Un anno dopo fu promosso vescovo di Derry, incarico ben più prestigioso. La notizia gli giunse mentre si trovava a Cloyne, intento a giocare alla cavallina con altri prelati. La leggenda narra che, dopo aver saputo della promozione, gridò loro: “Non salterò più, signori. Vi ho superati tutti e ho saltato da Cloyne a Derry!”

Insediatosi nella nuova sede vescovile, si guadagnò presto la fama di prete più eccentrico, mondano e chiacchierato di tutta la Chiesa d’Irlanda.

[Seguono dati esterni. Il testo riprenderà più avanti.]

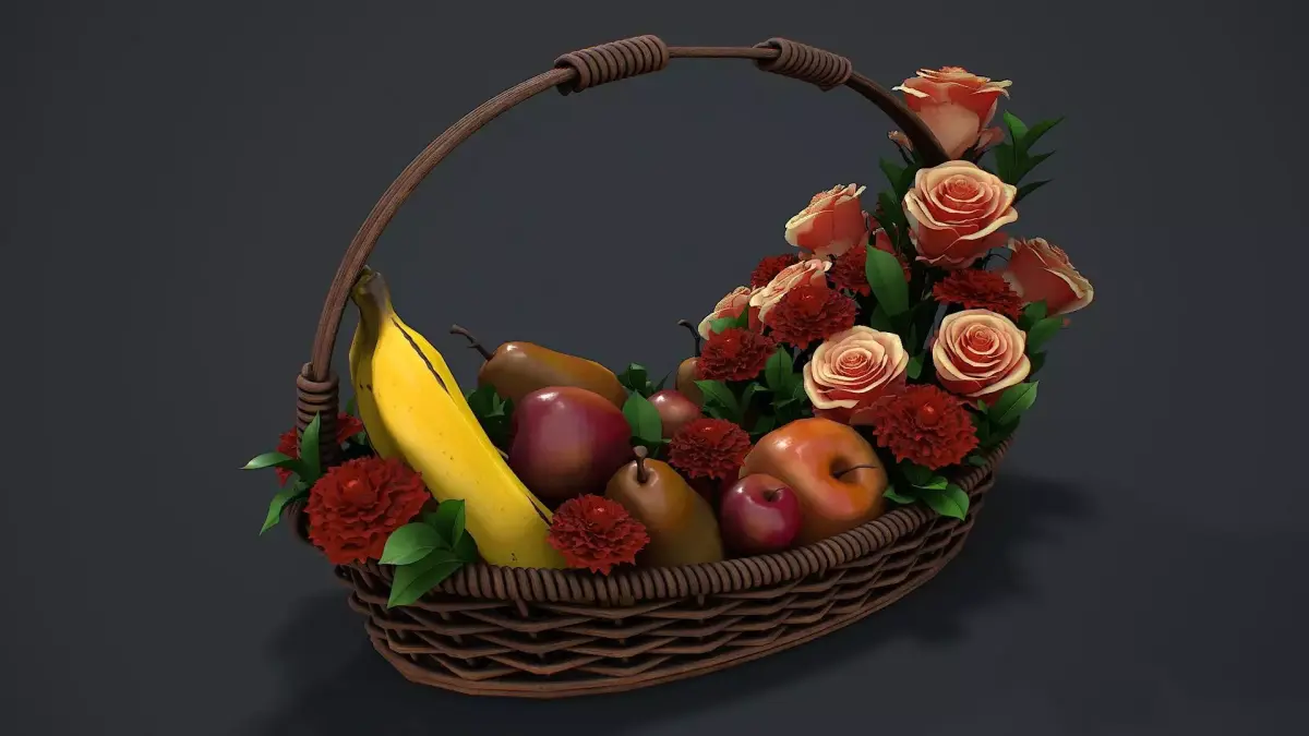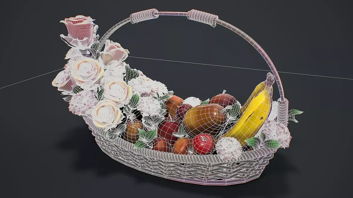 Hello. This is a high definition quality polygon of a Basket with flowers and fruits 3D Model with PBR textures. Extremely detailed and realistic. Suitable for movie prop, architectural visualizations, advertising renders, games, VR, AR and other. The archive includes Obj and FBX, Marmoset scene, Blender scene, HDRI, textures for the PBR: Base color, Metallic, Mixed AO, Normal_OpenGL, Roughness. And also included in the archive textures for UE: BaseColor, Normal, OcclusionRoughnessMetallic. All textures are 4K resolution. The model contains 1 object: Basket

Era immensamente ricco e, dopo la morte del padre e di due fratelli che non avevano avuto figli, ereditò anche il titolo di Lord Bristol, trasferendosi a Londra.

Qui costruì una dimora lussuosa, dove teneva feste leggendarie. Spesso invitava a restare per la notte i prelati più grassi e, terminata la cena, li costringeva a rincorrersi a vicenda intorno al palazzo. Se si fermavano a dormire le mogli dei religiosi, spargeva sempre farina davanti alla porta delle camere da letto, per controllare se durante la notte qualcuna di loro si recava di nascosto in un’altra stanza.

Tornava raramente in Irlanda, preferendo i viaggi in Francia e in Italia per comprare opere d’arte. Altrimenti amava visitare le taverne di Londra, dove si ubriacava spesso e volentieri.

La fama di grande viveur e di inguaribile spendaccione del conte di Bristol è all’origine dell’usanza di chiamare gli alberghi con questo nome.

Il primo albergo che scelse questo nome fu il Bristol di Place Vendôme a Parigi, inaugurato nel 1816, 13 anni dopo la morte di Frederick Hervey, avvenuta in Italia.

Nel 1815 erano terminate le guerre napoleoniche, che avevano bruscamente interrotto la tradizione del Grand Tour, e i proprietari degli alberghi speravano di ristabilirla e di ricominciare a fare profitti grazie al turismo dei nobili.

La parola “Bristol”, nelle intenzioni degli albergatori, doveva diventare sinonimo di lusso, raffinatezza, di ospitalità. Se Frederick Hervey fosse stato ancora in vita e si fosse trovato in una qualsiasi città europea, avrebbe senz’altro soggiornato in un Hotel Bristol.

Oggi trovate questo nome in tutto il mondo, da San Francisco a Beirut, dal Brasile (dove si chiama così un’intera catena) a San Pietroburgo.

C’è addirittura chi ha scritto un intero libro per elencarli.

A Londra, invece, non esiste più un Bristol Hotel. Un tempo ce n’era più di uno. L’ultimo a chiudere è stato quello che sorgeva all’angolo tra Piccadilly e Berkeley Street.

Il Daily Mirror del 13 Maggio del 1983 ne parla in un articolo non esattamente lusinghiero.

L’albergo, dove la settimana precedente aveva cenato la Regina Elisabetta, fu multato di 600 sterline per la sporcizia riscontrata durante un’ispezione nelle cucine. Escrementi di topi, scarafaggi morti, polvere ovunque, frigoriferi sporchi e avanzi di cibo.

Lord Bristol non avrebbe certamente apprezzato.